Yoggy thanks heaps, I’m downloading your example. the example I made took ages to calculate, so I hear you about speed. In my ideal world I’d like a lightmapped Bumped shader, that changes the lightmap texture to add the blast, then I could keep my main (tiled) texture unchanged, and only darken the lightmap texture. Oh and a fast version of this
Anyways this is great work and a big help, thank you.
Aaron
Well, that already exists; it’s called the lightmapped bumped shader. You’d want to change the texture rather than the shader, so what you’d do is find the coordinates somehow to draw into the lightmap using SetPixel. (Maybe just hit.textureCoord; that would be fairly easy…or can you do that with the second UV set?)
If you had a more or less flat area like some terrain, you could use the blob shadow projector too. Maybe something sort of like this. (Move cursor with mouse, click to bomb. Not a game, but kinda fun for a few minutes…) Attached is the project…mostly I just adapted the BunkerBehavior script from Unity Invaders somewhat since it’s basically the same idea. You can change the size of the affected area by changing the projector’s orthographic size, though that also makes the splat texture get relatively larger or smaller along with it. It would look better with some randomly selected splat textures so the scorch marks don’t all look the same. Or better yet, a procedurally generated scorch mark. With some smoke, etc…and have some particle dirt thrown into the air…then you could deform the terrain too…or am I getting carried away here?
Edit: updated project folder so it works with Unity 2.0 (mostly just replaced the Blender files so they’ll load, also removed the script that turns off particles since that’s not necessary anymore), and updated SplatTexture script so it’s faster.
Not one but two excellent packages posted to help me! Woot!Woot!
Eric i like your idea. I will try and emulate it…Somehow you have a bunch of projected shadows in the scene, but only one in the hieracy?-I will be able to figure it out, Im sure, but I really want to say thanks for such a great example like Yoggy’s was too. Mega helpful. i also like the red target morphng over the landscape-Im sure that will be useful in time also.
Cheers Y’all!
Aaron
PS-Eric, I wonder if your going to make a unity build of Pac-man to go with your collection of casual games?Hee hee, seed sown! (I wasnt hinting that you should for my sake btw)

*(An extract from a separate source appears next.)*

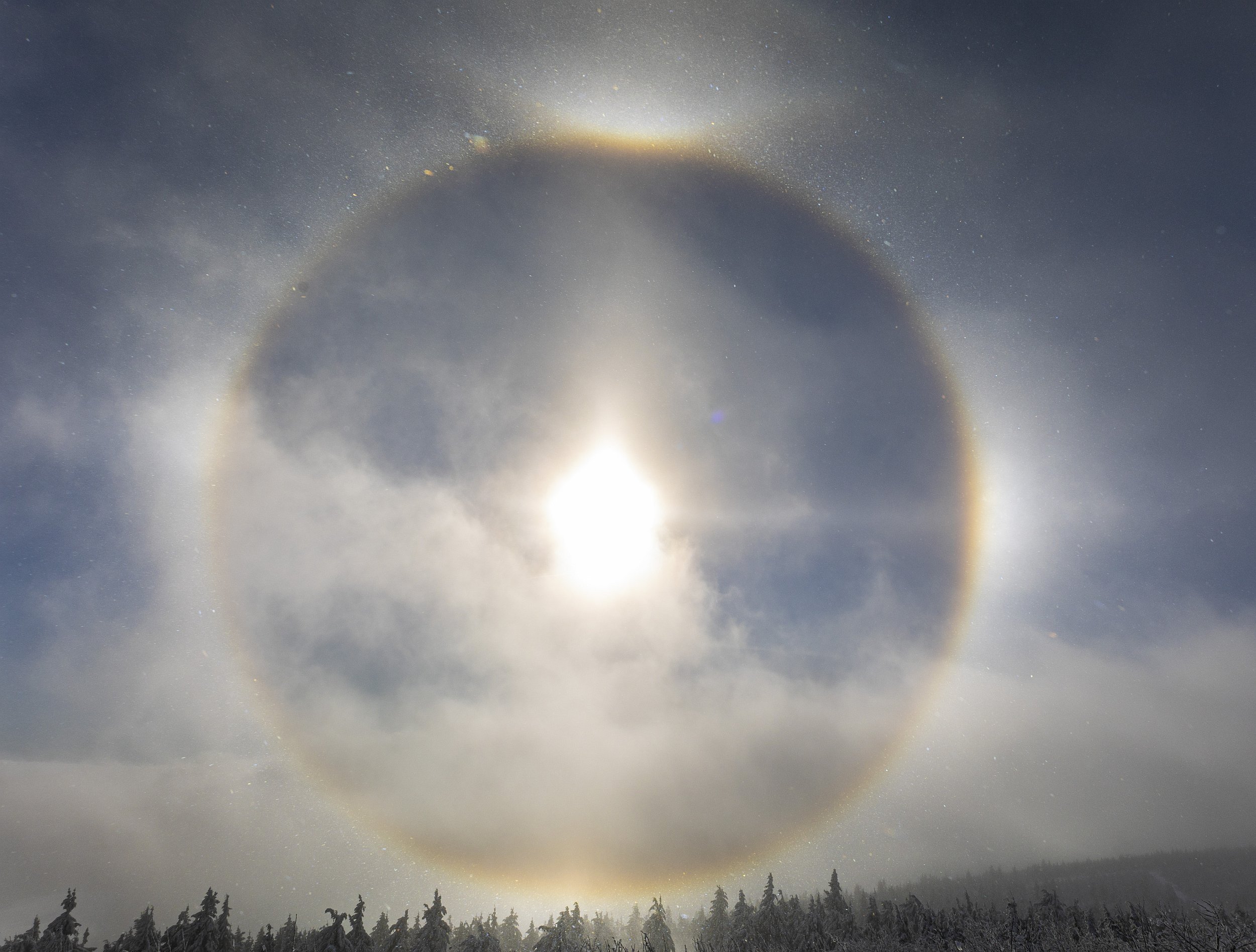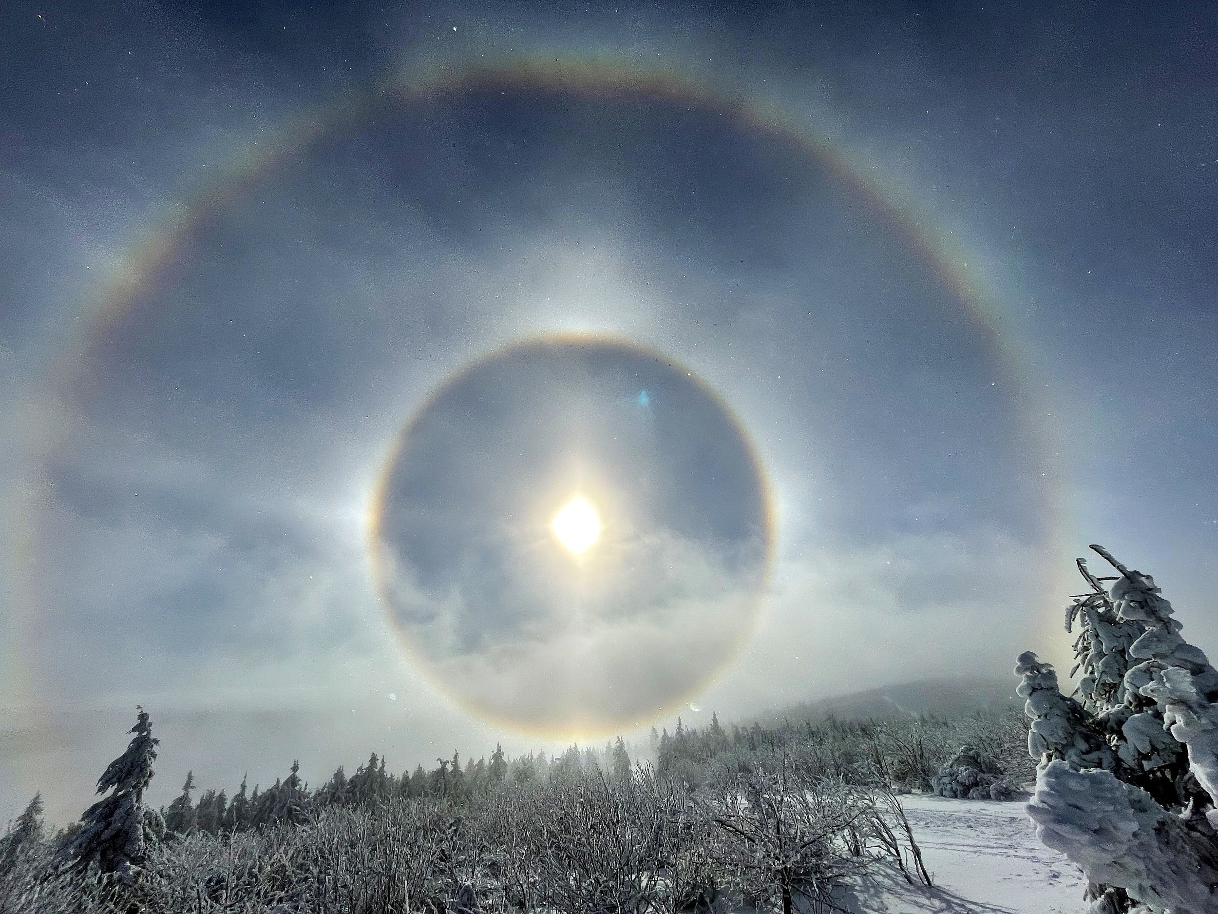 V Krušných horách leží i přes 30 cm sněhu, na vrcholcích se tvořily krásné halové jevy

Nope, just one. If you look at the code, you see that basically the small “splat” texture gets drawn into the big shadow texture at the appropriate spot. So the texture is altered every time a bomb hits. The target is just the standard blob shadow projector, but with a different texture.
Not exactly, but stay tuned. (Just make sure you’re not holding your breath…)
I’ve heard a lot about using blob shadow projectors to do highlighting and giving textures certain unique looks, would it be possible to adapt for a game board that has individual tiles that need to have a highlight effect applied to them when selected?
Also has anyone seen solid information on unity projectors? It seems like they can do a lot but maybe I’m overlooking a solid explanation on them. I feel like I still don’t fully understand them other than casting against the normal of a surface? Any explanation for a projector noob would be awesome. Thanks.